Step 5—Data extraction: We apply a hybrid coding approach to extract relevant data for further investigation. First, using a customized GPT, we leverage generative AI to screen the articles of our literature population for the eight dimensions of our framework. Next, we manually review the recommendations to decide how to code each article. For the first step, we use OpenAI’s GPT-4 to build a custom GPT named “Lit Review Analyzer”. After initialization, we proceed with manual coding examples for studies in our literature population. As a result, the Lit Review Analyzer processes PDF articles to output a table of recommendations for each framework dimension, for example, suggesting the best-fitting industry sector or functional area. We provide details on the set-up of the custom GPT in Table 3.

Table 3 Set-up of the custom GPT

EBSCOhost provides a NAICS-based industry sector classification for some articles. If available, we adopt this classification. Otherwise, we apply our hybrid coding procedure. For the dimension of AI algorithms, we differentiate between those that address the core research question and those used as a benchmark, baseline, or other form of comparison.

Importantly, the entries of each dimension of our framework are not mutually exclusive, so a study can be assigned to more than one in each dimension. For example, a study may be assigned to both text data and image data in the dimension of input data. To resolve ambiguity, we conducted discussions within our research team and iteratively refined our coding approach. The results of our coding scheme are summarized in the “6.” of this study.

Step 6—Analysis and synthesis: In this step, we investigate the absolute frequency and the rank of items within each of the eight dimensions.

4 Findings And Discussion

4.1 Literature Population

The literature population consists of 143 studies. Table 4 presents the distribution of the studies over the journals and years of publication. We highlight three observations. First, ISR, MISQ, and JMIS account for 65% of the articles in our literature population. Specifically, 93 of 143 articles are published by these journals, with 36, 32, and 25 publications for ISR, MISQ, and JMIS, respectively. Second, EJIS, I and O, ISJ, JIT, and JSIS barely publish studies that use AI algorithms, with three or fewer studies each. Third, we notice an increase in articles that use AI over time, with more than 100 articles published between 2020 and 2023.

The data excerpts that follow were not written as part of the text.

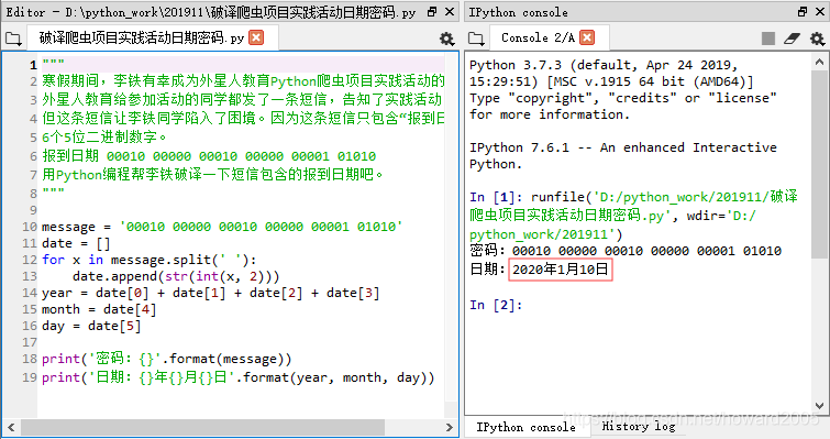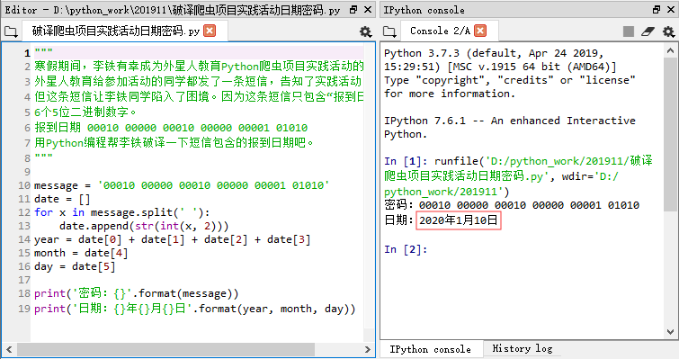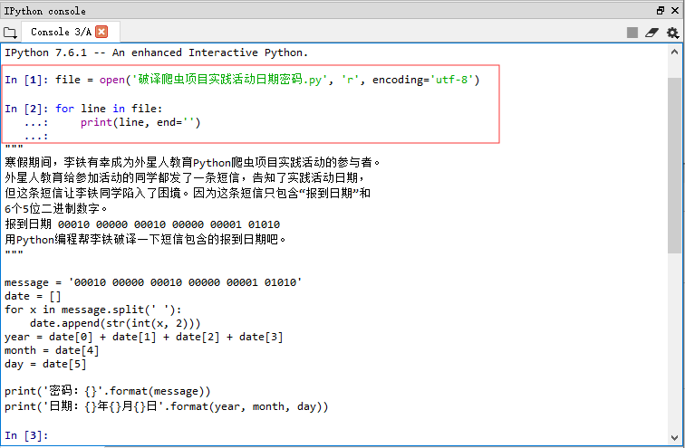 寒假期间,李铁有幸成为外星人教育Python爬虫项目实践活动的参与者。外星人教育给参加活动的同学都发了一条短信,告知了实践活动日期,但这条短信让李铁同学陷入了困境。因为这条短信只包含“报到日期”和6个5位二进制数字。
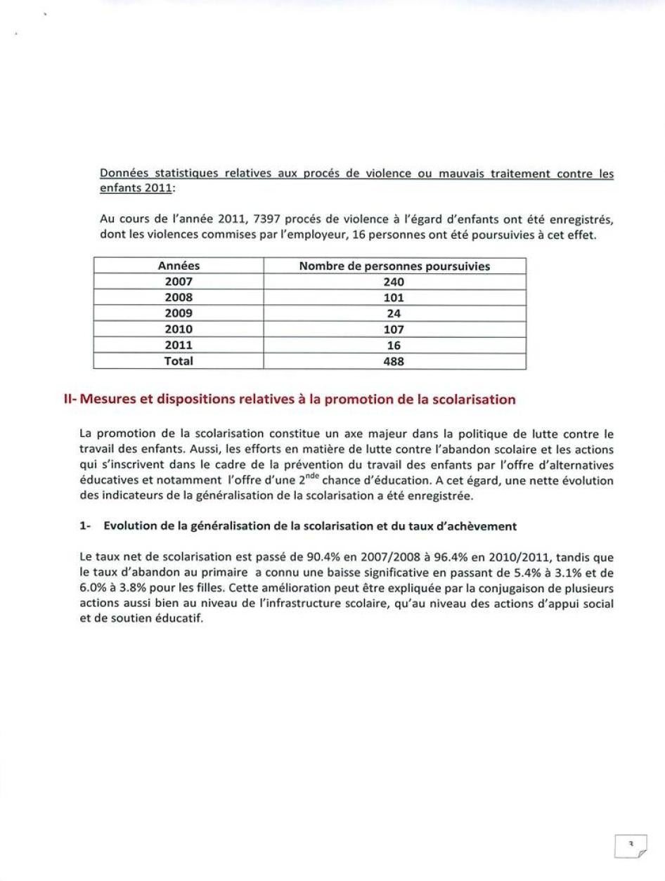 [135] المندوبية الوزارية، 15 يونيو/حزيران 2012.لم تشمل المعلومات التي تم توفيرها تحديد الفترة الزمنية التي تمت أثنائها معالجة هذه الحالات.
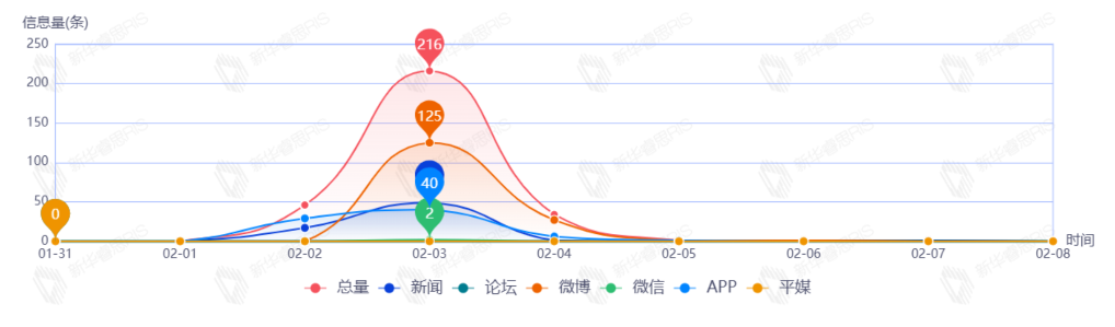截至目前,该文章在互联网上传播总量307篇。其中2月3日是传播的高峰期,共传播216篇文章。各信源的信息发布情况中,新闻微博占比最大,其次是app和新闻,占比分别为54.08%、27.80%、18.12%。(数据来源:新华睿思数据云图分析平台)
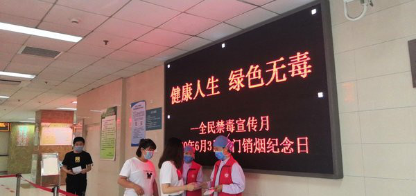 在禁毒宣传月期间,医院通过LED屏展示“健康人生,绿色无毒”的活动主题,在医院门诊大厅向就诊人群发放毒品知识宣传册及防艾知识手册,讲解禁毒防艾知识,形成浓厚的宣传氛围。此外还利用医院微博、微信平台发布禁毒防毒识毒及毒品危害的宣传知识,利用分诊台电视播放宣传片,指导患者扫码关注医院微博和微信平台,关注中国禁毒、北京禁毒和大兴禁毒微信公众号,了解更多防毒禁毒相关知识。宣传月期间,共发布以禁毒为主题的宣传知识14条,受众人数7660人,微信平台发布1条。6个电视每天轮流播放“4分钟看懂毒品视频”3—5次,累计播放350余次。
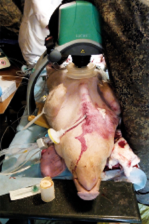 Рис. 5. Применение аппарата «Лукас 2» в ходе медицинской эвакуации экспериментального животного
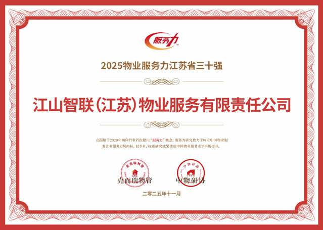 河西集團江山智聯(lián)物業(yè)憑借卓越的服務品質與前瞻的戰(zhàn)略布局,一舉斬獲2025南京國有物業(yè)服務力領先企業(yè)TOP1、2025江蘇省服務力市場運營領先企業(yè)TOP3、2025物業(yè)服務力南京十強、2025物業(yè)服務力江蘇省三十強、2025華東區(qū)域物業(yè)服務力百強企業(yè)、五項行業(yè)重磅榮譽。
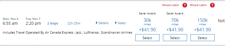 Hittade enkelt resa dit den 4e nov (sista leg i ekonomi) och hem den 7e med första leg i ekonomi.
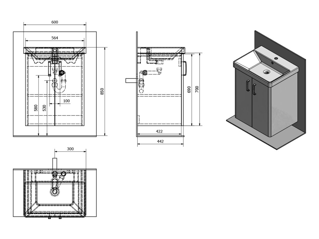 THEIA umývadlová skrinka 56,4x70x44,2cm, 2x dvierka, biela
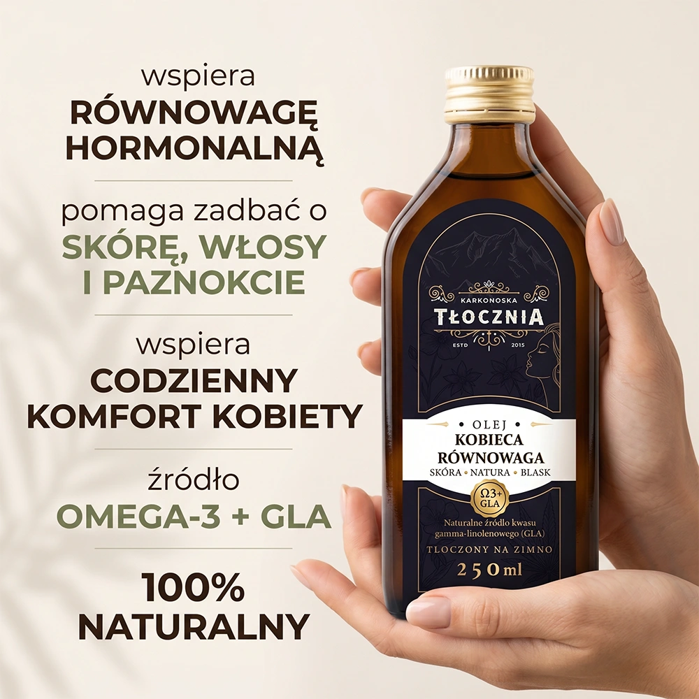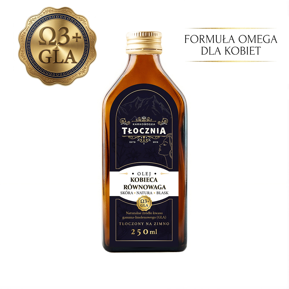 Naturalne oleje tłoczone na zimno od lat zajmują ważne miejsce w dietetyce kobiet. Starannie dobrana kompozycja oleju lnianego, konopnego, z wiesiołka oraz ogórecznika dostarcza cennych kwasów tłuszczowych omega-3 oraz kwasu gamma-linolenowego (GLA), które wspierają naturalną równowagę organizmu kobiety.

Table 4 Literature population distribution over time and journals

The significant increase in publications in our literature population shows that AI algorithms have recently gained substantial traction in the field of IS. However, we think that the establishment of applied AI in IS has just started to rise. We expect to see growing attention paid to AI algorithms in the future, further fueled by the introduction of generative AI.

4.2 Dimensions Of The Conceptual Framework

4.2.1 Industry Sector

Within the reviewed literature, the preceding industry sector is 51: Information. We count 60 articles assigned to the category, which equals a relative frequencyFootnote 4 of more than 35%. With 23 studies assigned to its category, 62: Health Care and Social Assistance is the second most frequent industry sector, followed by 44–45: Retail Trade (16), 52: Finance and Insurance (11), 92: Public Administration (8), 31–33: Manufacturing (6), and 48–49: Transportation and Warehousing (5). Other NAICS categories have two or fewer studies assigned. We also find 23 that cannot be assigned to any industry sector. Table 5 presents the distribution of our literature population over the industry sectors.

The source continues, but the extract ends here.